The occupants of the derelict had settled down to a dull, almost dogged state of resignation. There were several deaths and burials, incidents that made but little impression on the waiting, watchful survivors. Each succeeding day brought forth additional watchers to swell the anxious throng,—resolute and sometimes ungovernable men who, defying their wounds and the nurses, refused to stay where they could not have a hand in all that was going on.

Back of all this pitiful courage, however, lurked the unholy fear that they might be left to their fate in case the ship had to be hurriedly abandoned.

Mr. Mott watched the weather. Every seaman on board the Doraine scanned the cloudless sky with searching, anxious eyes. They sniffed the steady wind that blew them farther south. Always they scanned the sky and sniffed the wind.

“It's got to come sometime,” repeated Captain Trigger, after each report from Mr. Mott.

“I've known weather like this to last for weeks,” said the First Officer.

“In the South Pacific, yes,” said the Captain grimly. “But we're in the South Atlantic, Mott.”

On the sixth day the barometer began to fall. The breeze stiffened. The sea became choppy, and white-caps danced fitfully over the greenish stretches, growing wilder and wilder under the whip of a flouting wind. The two patchwork sails on the lumbering Doraine flapped noisily for awhile, as if shaking off their tor-por, then suddenly grew taut and fat with prosperity. The twisted, half-jammed rudder,—far from worthy despite the efforts of its repairers,—whiningly obeyed the man at the wheel, and once more the ship felt the caress of the deep on her cleaving bows.

The horizon to the north and west seemed to draw nearer, the contrast between the deepening blue of the water and the clear azure of the contracting dome more sharply defined. The sky that had been cloudless for days still remained barren, but the sailor knew what lay beyond the clear-cut rim of the world. The man of the sea could look far beyond the horizon. He could see the ugly clouds that were even now speeding down from the north, invisible as yet but soon to creep into view; he could see the mighty billows on the other side of that distant line; he could hear the roar and shriek of the tempest that was still hundreds of miles away. It was the matter of but a few hours before the wind and the billows would rush up to smite the Doraine with all their might under the cover of a black and storm-rent sky. And what was to become of the vessel, floundering in the path of the hurricane?
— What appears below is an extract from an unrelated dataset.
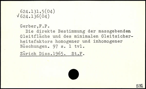 Die direkte Bestimmung der massgebenden Gleitflache und des minimalen Gleitsicherheitsfaktors homogener und inhomogener Böschungen.
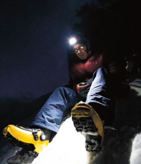 日没まであと数分というとき、僕はスキーでシール登高をはじめ、1時間後に座る場所にたどり着いた。この手のテストは夜間に実施した方がいい。なぜなら他に誰もいないから。助けが必要か、あるいは、いったいどういう訳で真冬に濡れたジャケットを着ているのか、などと聞かれることもない。風が絶え間なく吹き、ときおり突風が起こる。濡れた状態は決して快適ではないが、フィールドテストは我慢がすべて。それに、そもそもこれはアルパイン製品なんだ、スポーツウェアじゃないぜ、と自分にまくしたてた。スポーツウェアのテスターが低体温症を想定することはまずないだろう。

Late afternoon brought the forerunner of the gale, a whistling, howling squall that frantically strove, it would seem, to outrace the baleful clouds. Then the Doraine was in the thick of the furious revel of sea and sky, plunging, leaping, rolling like a monstrous cork....

How she managed to weather the storm, God knows, and He alone. At the mercy of wave and wind, she was tossed and hammered and racked for two frightful days and nights, and yet she remained afloat, battered, smashed, raked from stem to stern, stripped of everything the tempest could wrench from her in its fury. And yet on the third day, when the storm abated, the sturdy ship was still riding the waves, flayed but un-conquered, and the baffled sea was licking the sides of her once more with servile though deceitful tenderness.